The Myth of Sisyphus is a eulogy of the strength of the human spirit and a lament of men’s ordeals.

Reflecting on the ancient story, Albert Camus draws an interesting parallel with the life and work of modern men reaching a profound conclusion: “Happiness and the absurd are two sons of the same earth. They are inseparable;” “There is no sun without shadow … One always finds one’s burden again” (Albert Camus). Maybe these simple phrases manage to capture the complexity of our path on earth. Perhaps, the pursuit of happiness is the prophet of our catastrophe? Still, this is so hard to investigate because “happiness” is an elusive concept, meaning different things to different people.
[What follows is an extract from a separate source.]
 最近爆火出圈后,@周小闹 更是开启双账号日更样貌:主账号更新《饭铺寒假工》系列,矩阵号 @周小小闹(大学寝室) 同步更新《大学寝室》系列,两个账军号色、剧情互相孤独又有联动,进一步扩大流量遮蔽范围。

It might also transform its meaning for the individual throughout a lifetime. When people lived and slept under the naked skies, happiness might have been constant – found everywhere – in fertile rain and sunshine. As minds wandered, the definition of happiness escaped us.
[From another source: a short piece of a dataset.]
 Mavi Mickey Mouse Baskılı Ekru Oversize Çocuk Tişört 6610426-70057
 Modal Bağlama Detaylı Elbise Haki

Further, modern governmental structures make a conscious statement about happiness. “A major element of the American experiment in democracy has been to make the pursuit of happiness a conscious political goal – indeed, a responsibility of the government,” says Mihaly Csikszentmihalyi in “Flow”. People are granted the opportunity to pursue happiness and yet no one cares to define it. This might be considered careless, as some people, we would never want to meet in person, might have a disturbing understanding of happiness. In an active argument with positive psychologists, criminologists and clinical psychologists can tell many stories of disturbed individuals, whose concept of happiness we would hardly accept. Narcissistic personalities derive pleasure and joy from power over others, and exploit people with no remorse, being arrogant and self-centered. Antisocial personalities obtain enjoyment by manipulating and tormenting others (The DSM-IV). Schizophrenics, psychiatrists argue, are incapable of experiencing real happiness, as they often cannot distinguish reality from delusions.
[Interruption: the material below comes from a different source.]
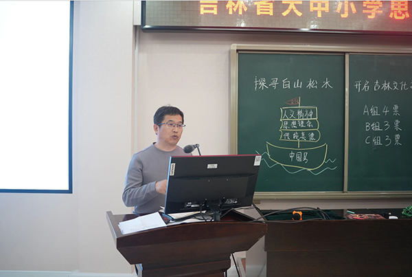 王岩老师授课题目为《探寻白山松水 开启吉林文化之旅》以吉林地域文化为载体,依托真实情境中的项目式学习,让学生在考察探究中理解文化传承的深层意义。通过费曼课堂进行研学路线展示,引导学生自主学习体验中华优秀传统文化内容,培养学生文化自信。衔接小学阶段的文化感知基础,为高中文化思辨做好铺垫,契合思政一体化“螺旋上升”理念。

What makes people happy and is it safe, and reasonable to encourage them to pursue it? In fact, if future governments continue this line of reasoning, they might agree on a single definition of happiness and try to enforce it. Then, if someone could manage too hook up people on happiness (certainly not impossible with the ideas of Post-Darwinian medicine), they would become careless and indifferent with joy – completely oblivious to the misfortunes of others.